These are the authentic reasons for revolution, and excuse can be completely different (the quarrel around the religious dogmas or convocation of General States). Ideology determines the selection of the slogans ("holy earth", "true faith", "republic" or "socialism"). Ideology determines the selection of popular heroes—Jesus Christ, Jan Hus, Jean-Jacques Rousseau, Martin Luther, Karl Marx, Leo Tolstoy or Karl Liebknecht. Ideology determines the selection of basic idea (interpretation of gospel, national idea, the theory of surplus value or capitalist exploitation). Ideology determines the selection of emblem ("red Phrygian cap" is the identification mark of French revolutionary—Jacobins, "black shirt" is form of the Italian fascists of Benito Mussolini, "pentagonal red star" is sign of membership in the Red Army).
What social groups do become revolutionary at first of all and why?
Those estates and social groups will be most revolutionary, which have the largest quantity of jammed instincts and, on the contrary, this estates and social groups will be enemies of revolution, which have not jammed instincts completely or which have a small quantity of jammed instincts.

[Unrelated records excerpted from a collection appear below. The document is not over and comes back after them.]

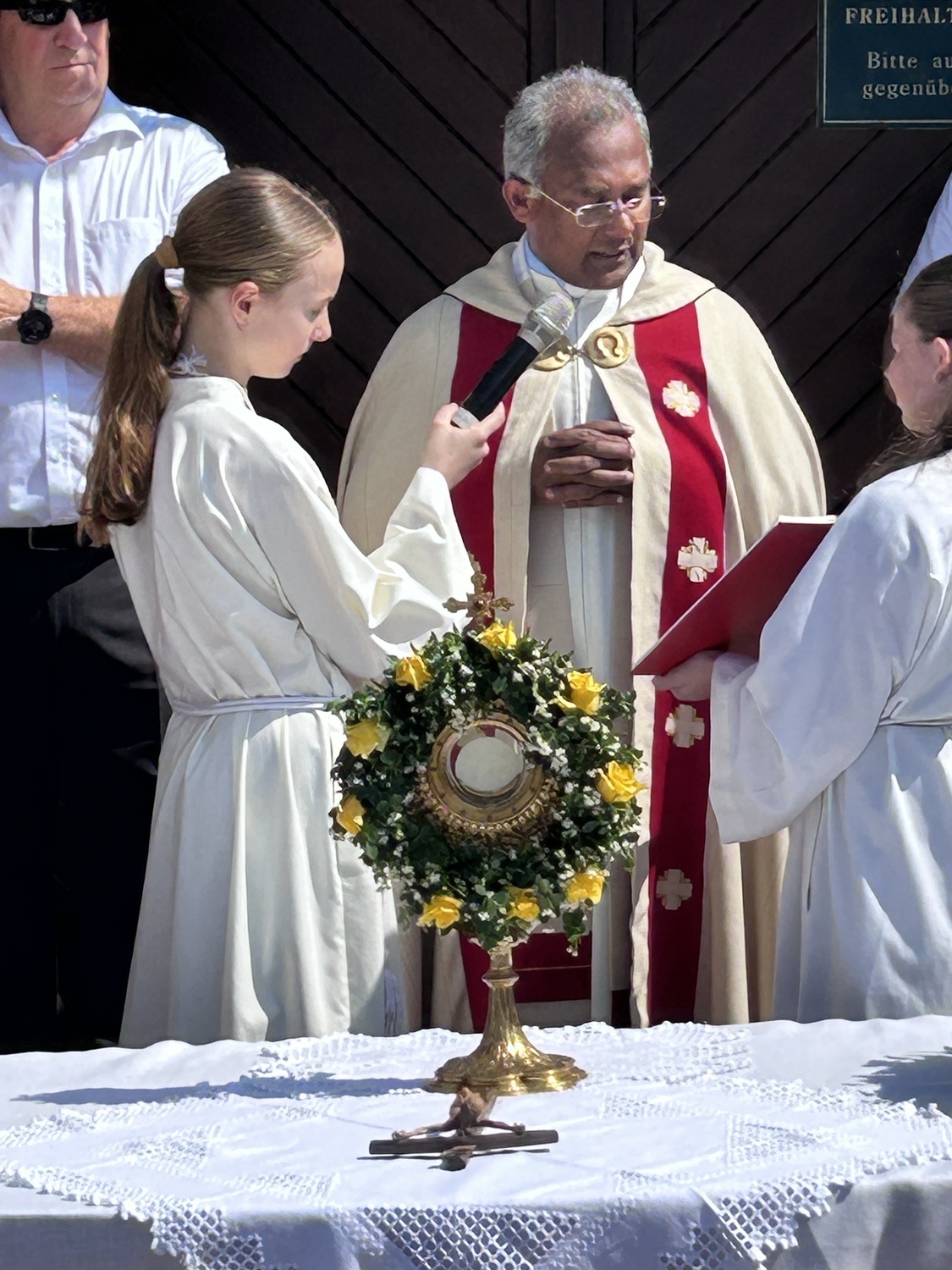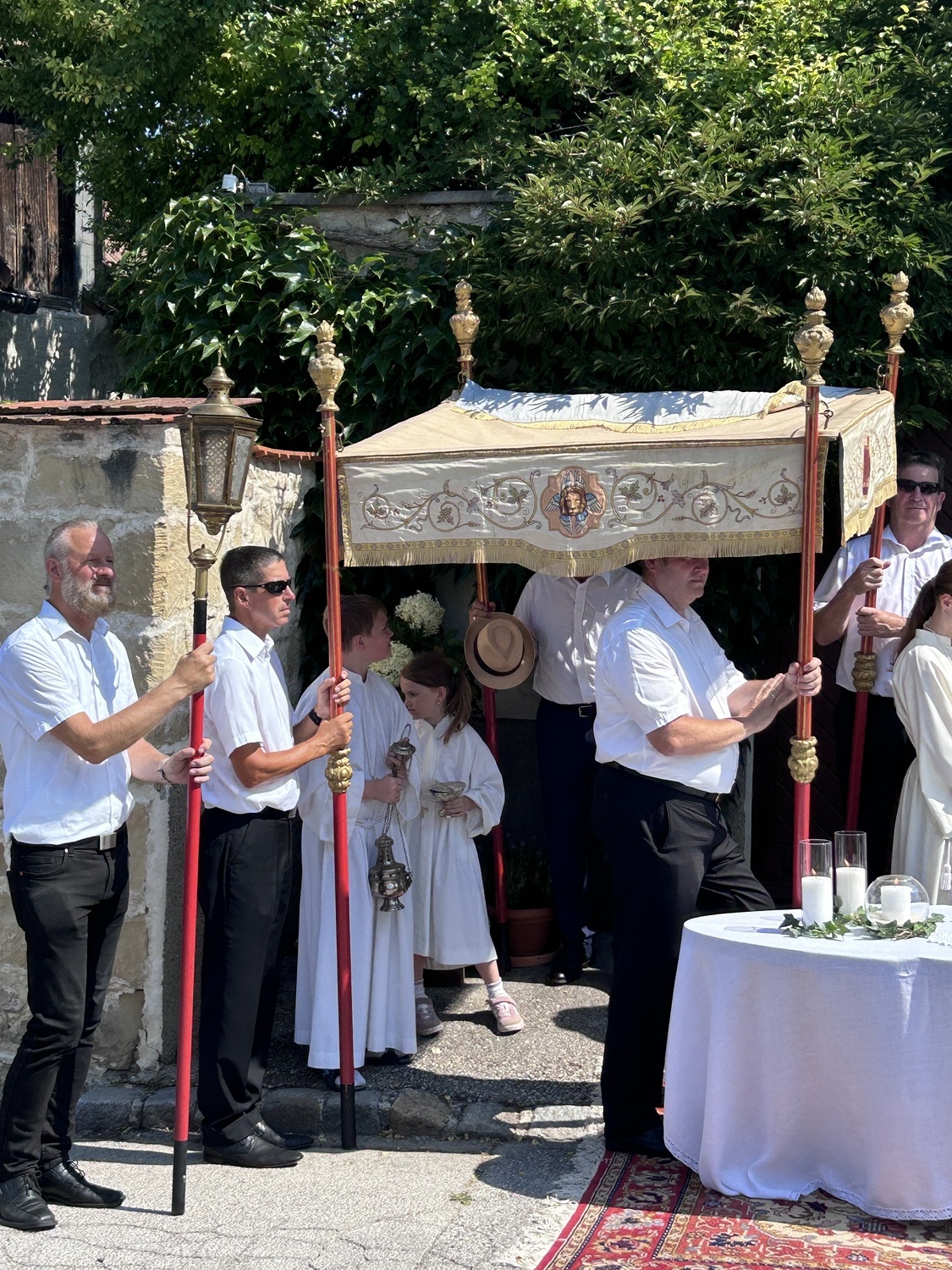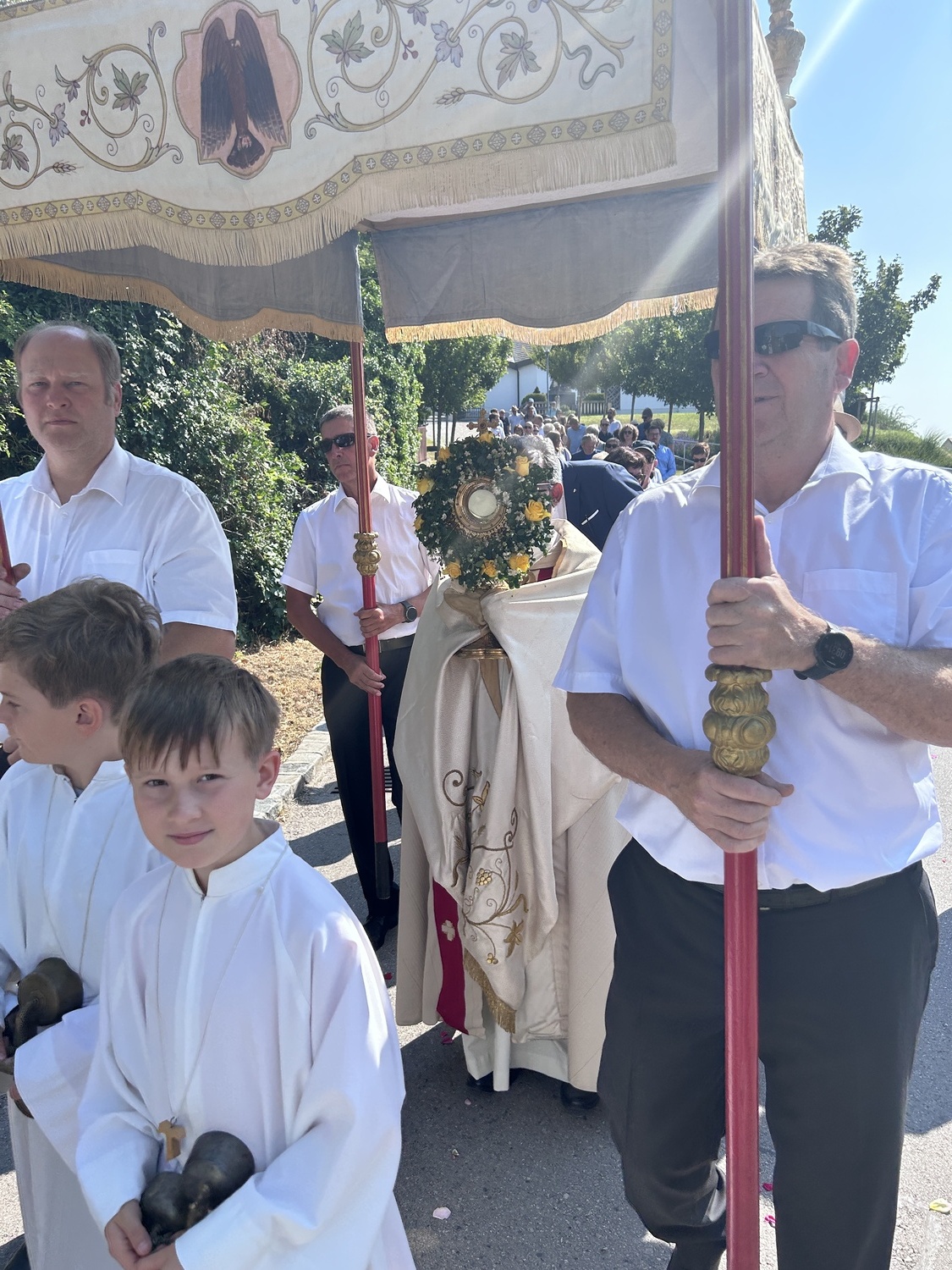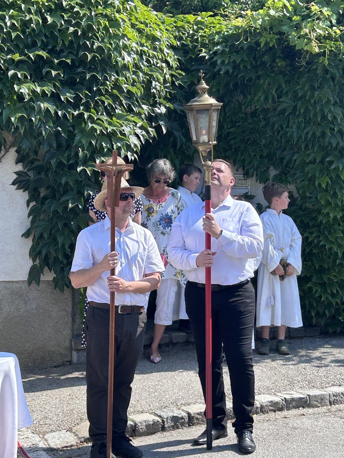 Ein herzliches Vergelt’s Gott an alle, die mitgeholfen haben, diesen Tag so feierlich zu gestalten – durch Organisation, musikalische Begleitung, Blumenschmuck, Altargestaltung, Himmelträger, Fahnentrupp oder durch ihre stille Mitfeier.
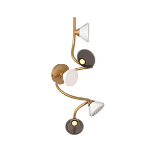 Description: Inspired and characterized by the natural world, the Linfa family of lamps designed by Federico Peri unfolds on arms so sinuous and elegant as to evoke the veins that run through the leaves, with bright points of light that shine like dew drops. In this family, made up of pendant, floor, table lamps and wall sconces, the refined branches are available in gold, titanium or matt nickel finishes, while the light sources, made of Murano glass, are available in smoky and transparent finishes or milky white.
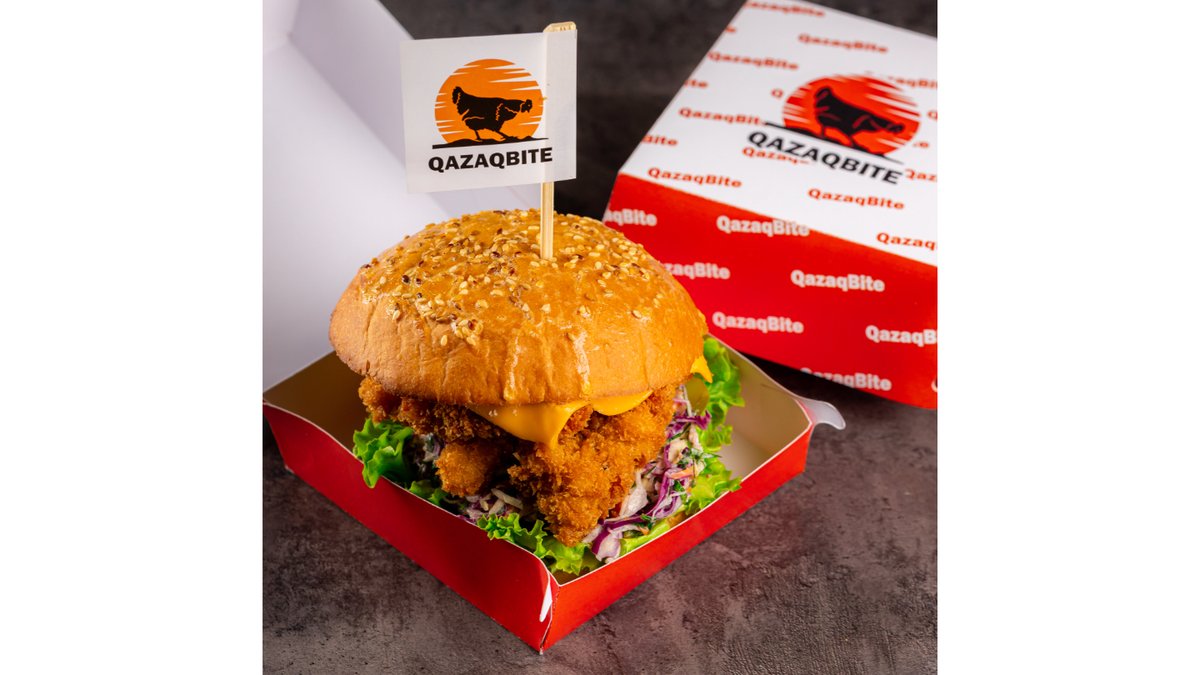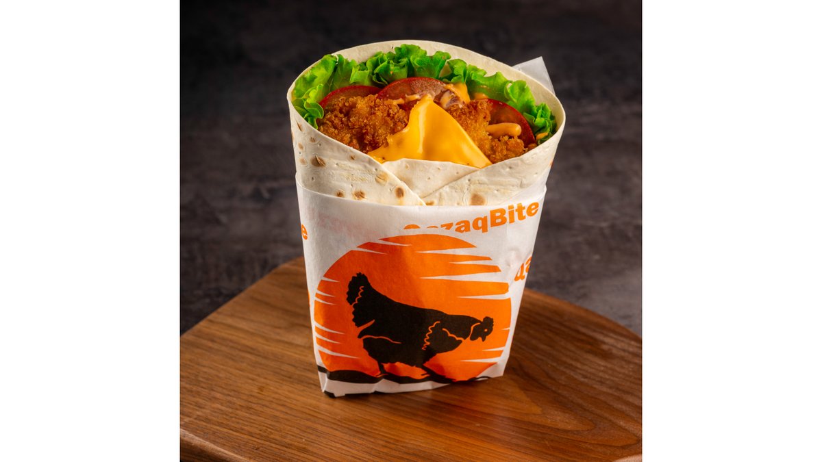 Булочка, куриное филе в панировке, соус, пикули, салат клоу-слоу, сыр чеддер.

Therefore, Bolsheviks could keep on soldiers and workers by the revolutionary ideas easy, and aristocrats were against the revolution always. There were 95% of population on the side of the revolution in February 1917 in Russia, and then some social groups started opposing revolution escalation, these groups wanted that the government brought an order. Even peasants and sailors had risen against the Bolsheviks in Kronstadt In 1921. Soviet government had held the authority under these conditions only cause of the terrible fatigue from the cataclysms of Civil War and cause of concessions in the form of the New Economic Policy.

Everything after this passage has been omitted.